Here are the benchmarks:
In [2]: %timeit stefan(S)
100000 loops, best of 3: 10.8 µs per loop
In [3]: %timeit gregor(S)
10000 loops, best of 3: 48.1 µs per loop
In [4]: %timeit gregor2(S)
100000 loops, best of 3: 3.23 µs per loop
Nicolas
On 07 Aug 2014, at 14:04, Gregor Thalhammer < [hidden email]> wrote:
>
> Am 07.08.2014 um 13:59 schrieb Gregor Thalhammer < [hidden email]>:
>
>>
>> Am 07.08.2014 um 13:16 schrieb Nicolas P. Rougier < [hidden email]>:
>>
>>>
>>> Hi,
>>>
>>> I've a small problem for which I cannot find a solution and I'm quite sure there is an obvious one:
>>>
>>> I've an array Z (any dtype) with some data.
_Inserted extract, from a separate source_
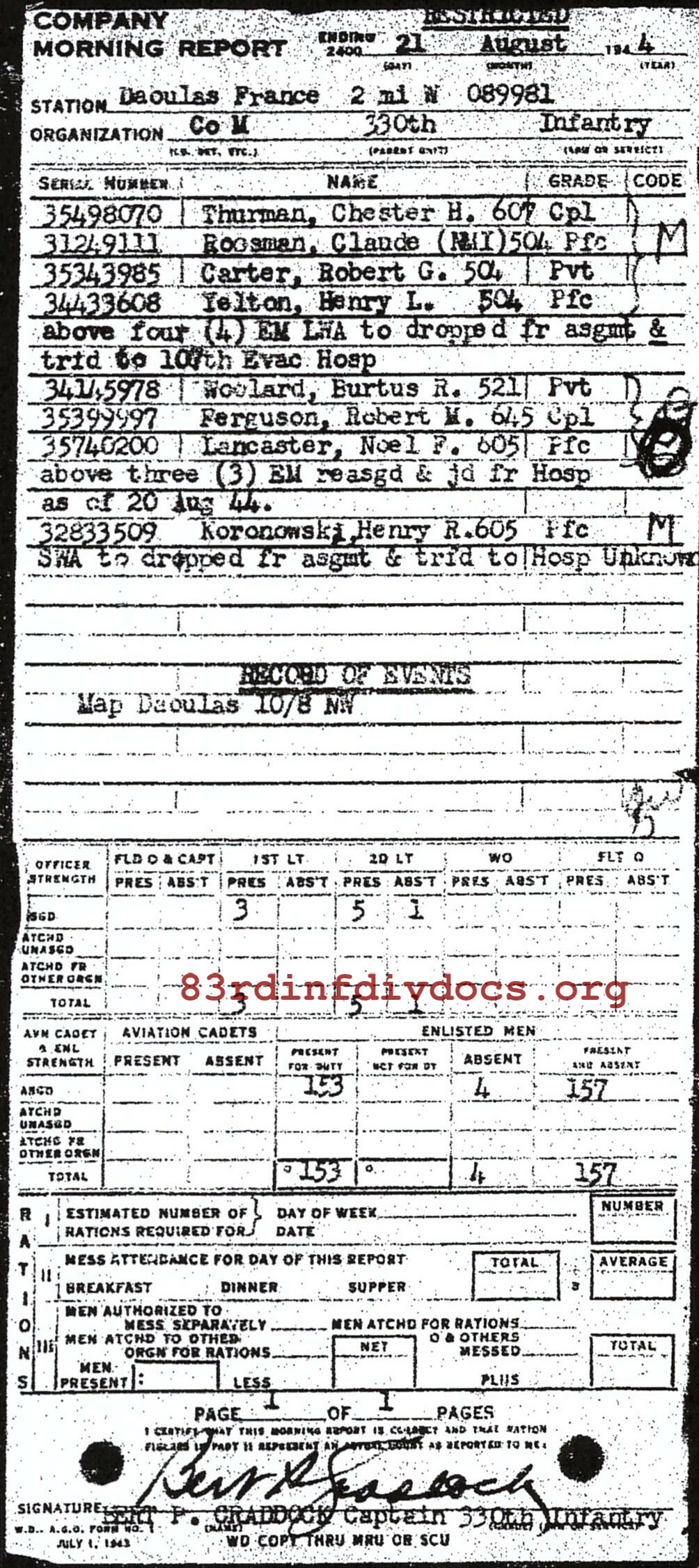 | 1944-07-04 | CPL | Severely wounded in action and transferred to 128th Evacuation Hospital on July 4, 1944 | M / 330 | view page | |

>>> I've a (sorted) array I (of integer, same size as Z) that tells me the index of Z[i] (if necessary, the index can be stored in Z).
>>>
>>> Now, I have an arbitrary sequence S of indices (in the sense of I), how do I build the corresponding data ?
>>>
>>> Here is a small example:
>>>
>>> Z = [(0,0), (1,1), (2,2), (3,3), (4,4))
>>> I = [0, 20, 23, 24, 37]
>>>
>>> S = [ 20,20,0,24]
>>> > Result should be [(1,1), (1,1), (0,0),(3,3)]
>>>
>>> S = [15,15]
>>> > Wrong (15 not in I) but ideally, I would like this to be converted to [(0,0), (0,0)]
>>>
>>>
>>> Any idea ?
>>>
>>
>> If I is sorted, I would propose to use a bisection algorithm, faster than linear search:
>>
>> Z = array([(0,0), (1,1), (2,2), (3,3), (4,4)])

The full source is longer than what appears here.